- _Data extract_:
########

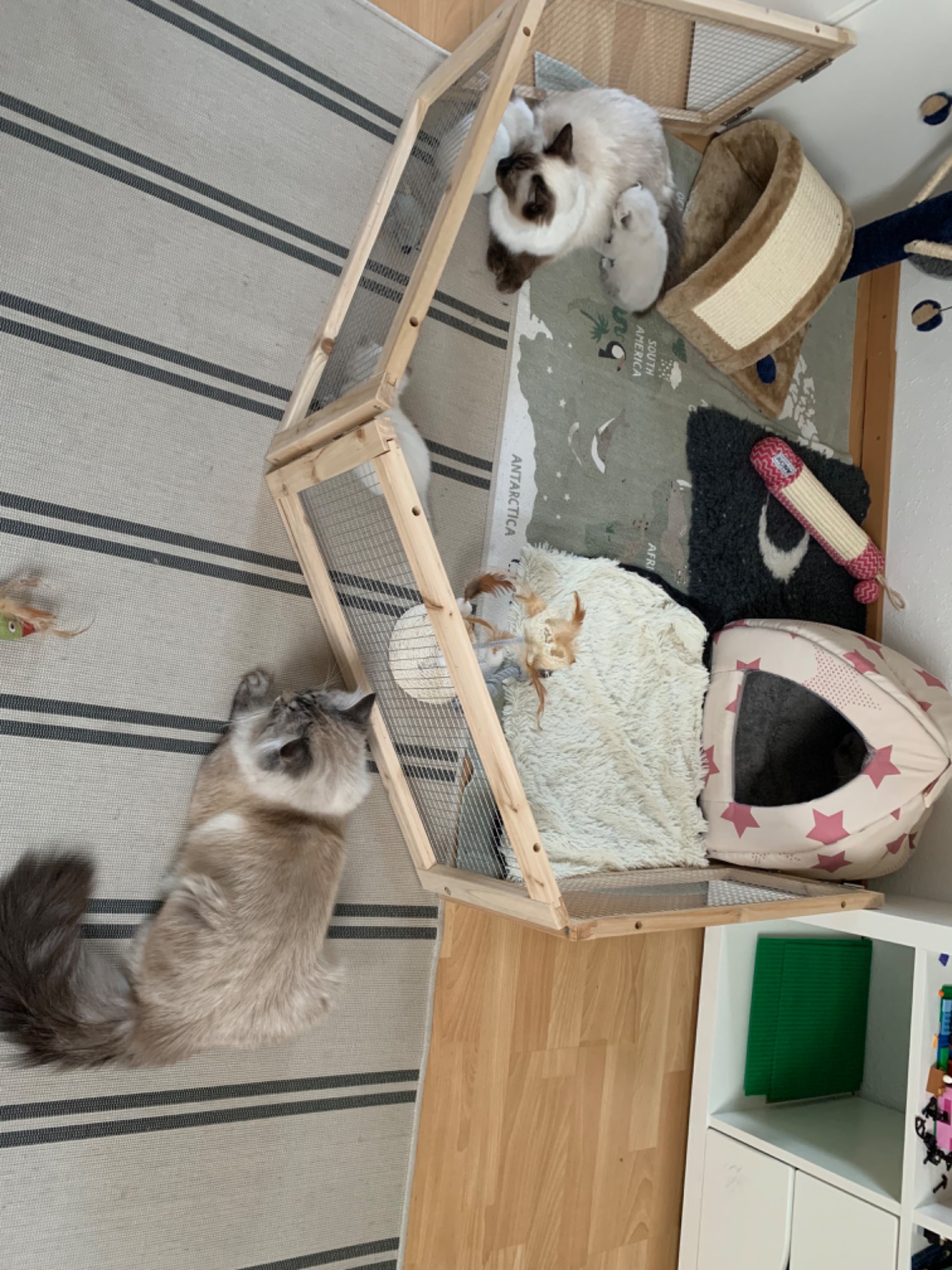 Unsere Katzen leben in einem liebevollen Haushaltsumfeld, was ihr Temperament und ihr Sozialverhalten fördert. Sie wachsen inmitten unserer Familie auf und lernen die gewöhnlichen Haushaltsgeräusche kennen.
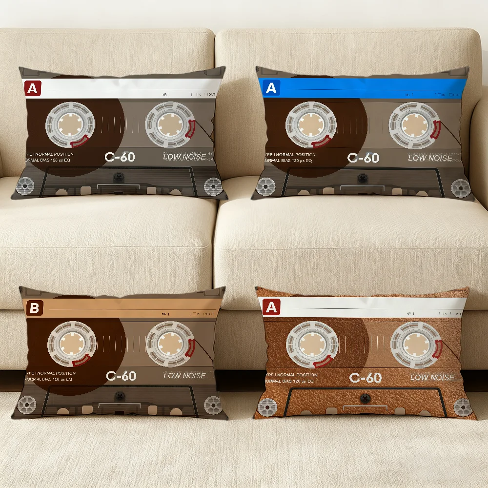 Retro cassete fita C-60 capa de almofada hit produto sofá sala estar escritório retângulo travesseiro casa café cama
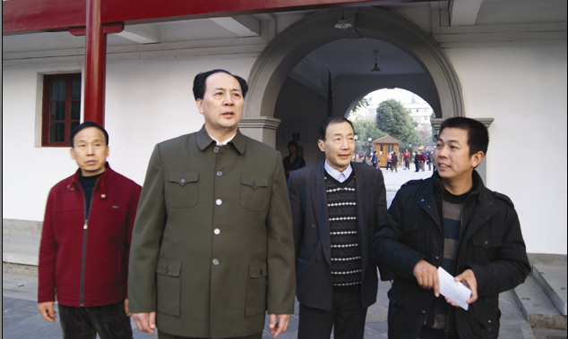 中國現(xiàn)代醫(yī)學(xué)研究院副院長、北京寫作學(xué)會教育科學(xué)委員會副會長兼秘書長林臏與毛澤東(扮演者許國寅)在武漢調(diào)研
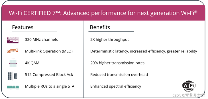 Wi-Fi CERTIFIED 7 即将推出的新功能将协同工作,可提供更高的数据吞吐量,同时还支持确定性延迟,可满足要求卓越可靠性的复杂用例。Wi-Fi CERTIFIED 7 的高级特性及功能包括:

########

- _Task directions_: The task calls for repeating each line above exactly while excluding the pictures.

- _Response area_:
 Unsere Katzen leben in einem liebevollen Haushaltsumfeld, was ihr Temperament und ihr Sozialverhalten fördert. Sie wachsen inmitten unserer Familie auf und lernen die gewöhnlichen Haushaltsgeräusche kennen.
 Retro cassete fita C-60 capa de almofada hit produto sofá sala estar escritório retângulo travesseiro casa café cama
 中國現(xiàn)代醫(yī)學(xué)研究院副院長、北京寫作學(xué)會教育科學(xué)委員會副會長兼秘書長林臏與毛澤東(扮演者許國寅)在武漢調(diào)研
 Wi-Fi CERTIFIED 7 即将推出的新功能将协同工作,可提供更高的数据吞吐量,同时还支持确定性延迟,可满足要求卓越可靠性的复杂用例。Wi-Fi CERTIFIED 7 的高级特性及功能包括:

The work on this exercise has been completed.